注意したいのが、契約者に配偶者がいる場合です。配偶者がいる場合、連帯債務型の契約になっていることも多く、契約者の死後は配偶者について借入の返済や自宅売却などの責任が発生するため、非常に大きな負担になってしまいます。
配偶者が1人でこれらの問題を抱えることは荷が重く、契約者としても本意ではありませんから、契約時にはその内容をしっかりと確認することが大切です。
リバースモーゲージと相続トラブル
相続対策としてリバースモーゲージを活用するケースもあります。たとえば以下のような条件が揃っている場合などが当てはまります。
- 主な相続財産は自宅不動産のみ
- 現金・預貯金が少ない
リバースモーゲージ返済のために自宅を売却した場合、完済後に手元に残った金銭を相続財産とすることができるため、相続人は公平に財産を分け合うことができるでしょう。相続財産が不動産と現金である場合に比べると、額面上の不公平感がなくなります。

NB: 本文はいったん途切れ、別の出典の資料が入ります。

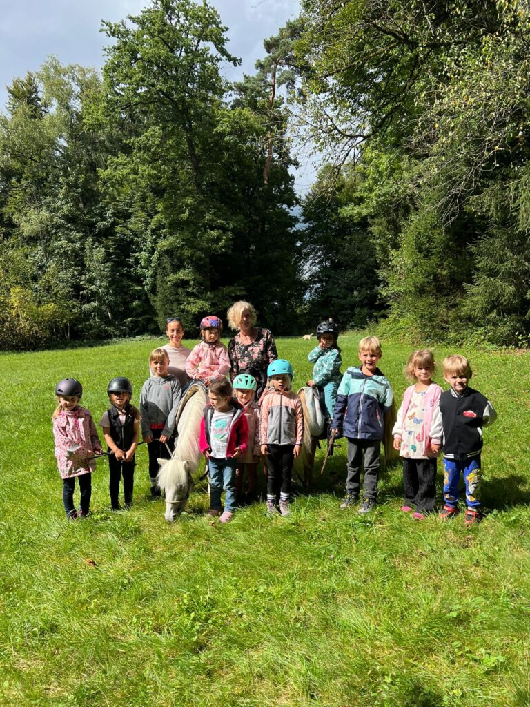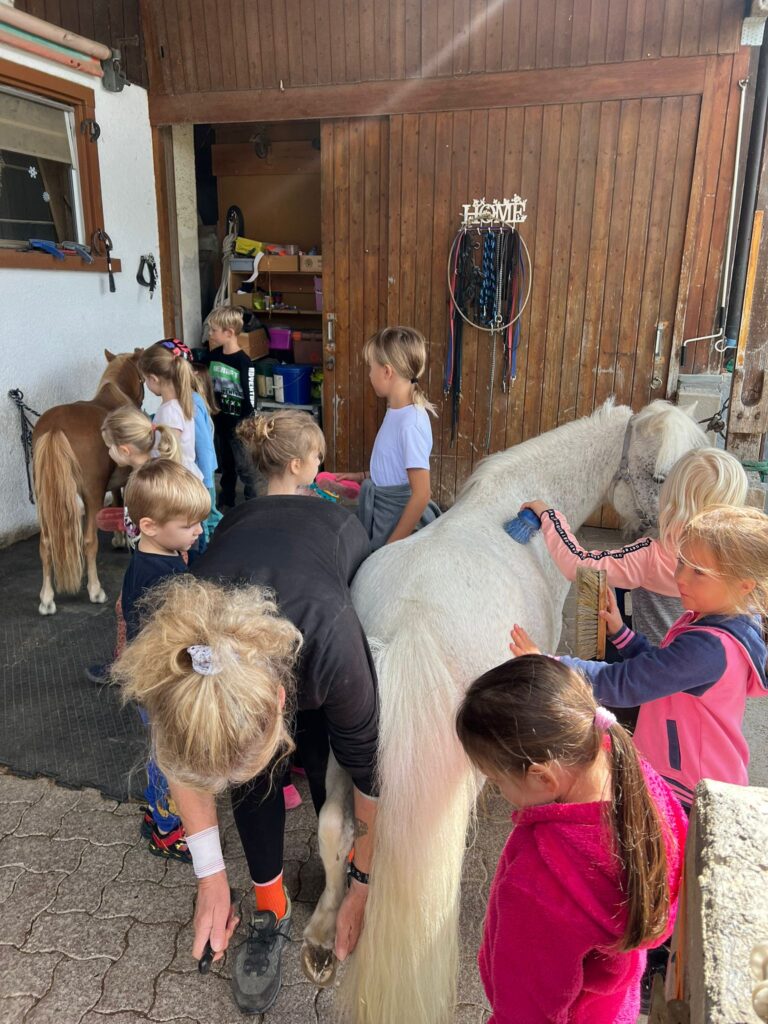 Bevor es losging, wurden die Ponys gestriegelt und gesattelt. Anschliessend durfte jedes Kind abwechselnd reiten. Die Route führte in den nahegelegenen Wald, wo ein Zwischenstopp eingelegt wurde, um gemeinsam Zvieri zu essen.
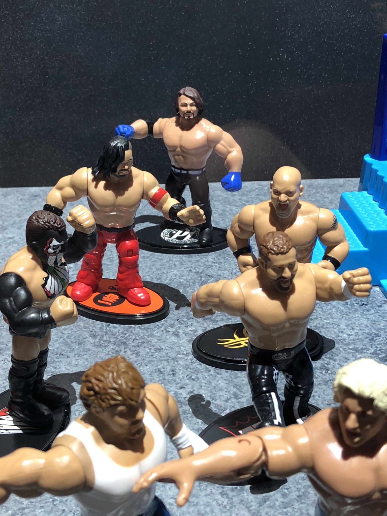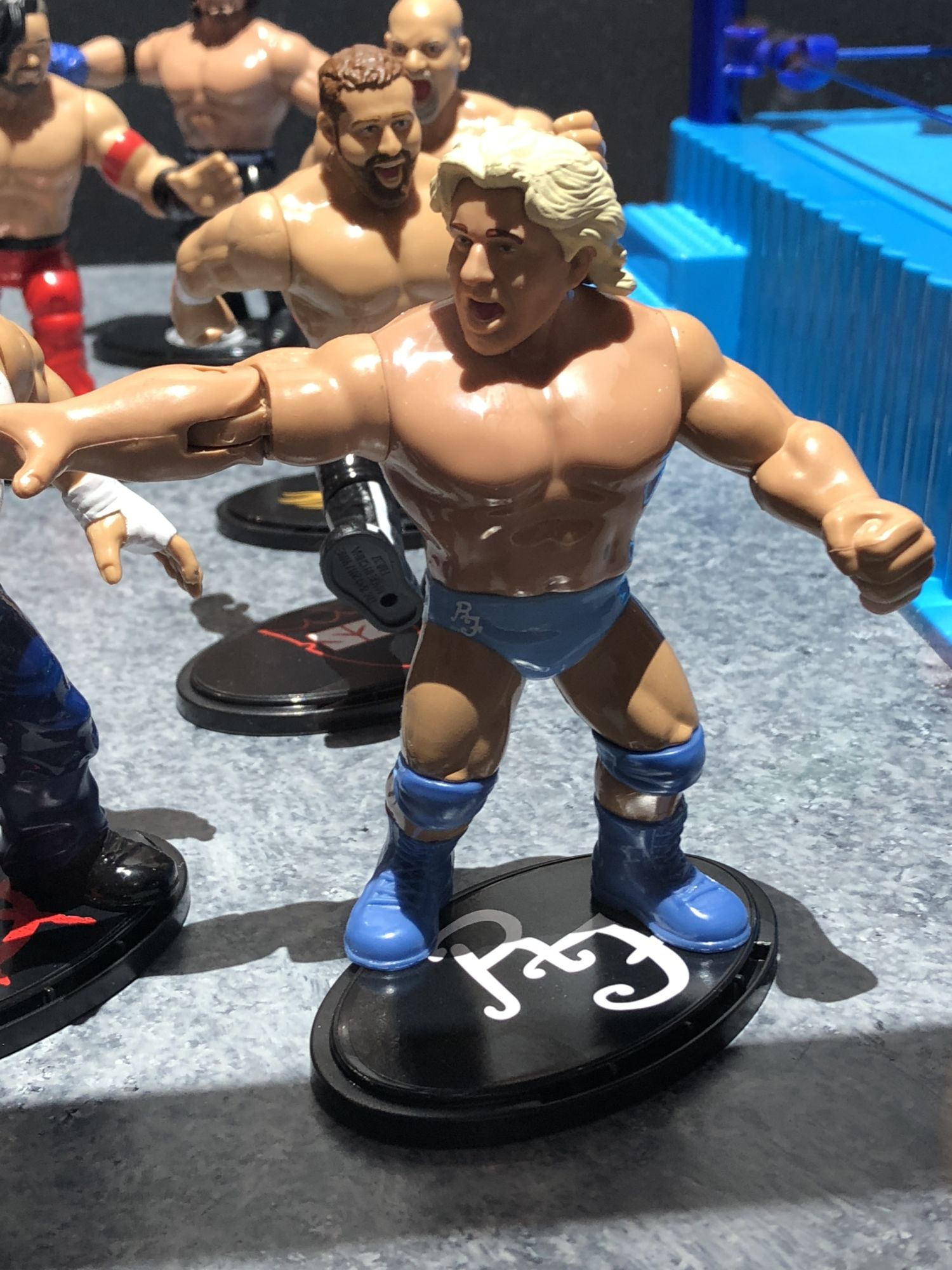 Exclusives will include an Attitude Era Triple H on Amazon, after Honky Tonk Man the net RetroFest figure will be a Hacksaw Jim Duggan. Two new Epic Moments sets will also be coming out: an Undisputed Era NXT pack featuring the first Adam Cole (BAY-BAY!)figure from Mattel. The other is truly epic. A Hardy Compound set complete with delapitated boat, Vanguard 1, and the Mower of Lawn. Crazy cool. Wrestlemania will also have an exclusive Asuka figure. And Entrance Greats comes to an end with Goldberg and Elias, giving way to a new line called Ultimate Edition.
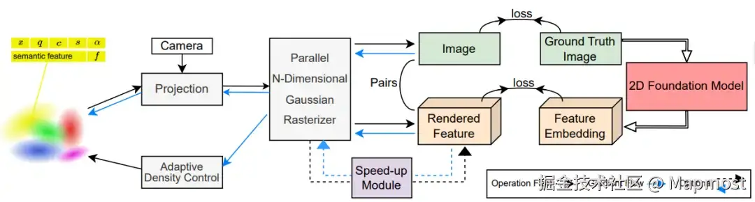 - 实现机制: 为每个高斯点附加128维可学习语义特征向量,通过渲染特征图并与2D基础模型(SAM、CLIP-LSeg)输出对齐,将预训练视觉模型的开放词汇能力迁移至三维空间。
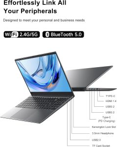• EXTENSIVE CONNECTION PORTS – This Laptop Features USB-C Full-Function Jack, 2x USB 3.2 Jack, 1x USB 2.0 Jack, 1x HD-MI Jack, 1x TF card slot, 1x Headphone Jake, 1x Type-C Charging Jack. It offers powerful wireless connectivity with support for 2.4G+5G WiFi and Bluetooth 5 for fast downloads and streaming. A full-size ergonomic keyboard and spacious touchpad enhance your typing and navigation experience.

ただし、相続人が「自宅を売却せず遺して欲しい」と望んでいることも考えられます。あらかじめ相続人にリバースモーゲージ利用の旨を相談し承諾を得ておかなければ、相続開始とともに自宅が売却されてしまうことになるため、相続人としては非常に不本意な思いをすることになりかねません。この点に十分留意しましょう。
まとめ
自宅に住み続けながら自宅を担保に金銭を借り入れることができるリバースモーゲージは、昨今高い注目を集めています。住宅金融支援機構によれば、2019年度からら2022年度にかけて累計6,000件の申込み実績があるとされているのです。
また、住宅金融支援機構のリバースモーゲージ商品に比べると、民間金融機関によるリバースモーゲージ商品の方が資金使途の自由度がより高く、生活資金に充てることもできる点は大きな魅力だといえるでしょう。
自宅リフォームや生活資金など、老後の生活状況に不安がある場合は、リバースモーゲージを活用した家計の見直しをすることも1つの方法になってくるかもしれません。まずは相続人となる親族に承諾を得たうえで、金融機関とよく相談し、リバースモーゲージの仕組みや資金使途、返済の仕方などについてきちんと理解するところから始めてみましょう。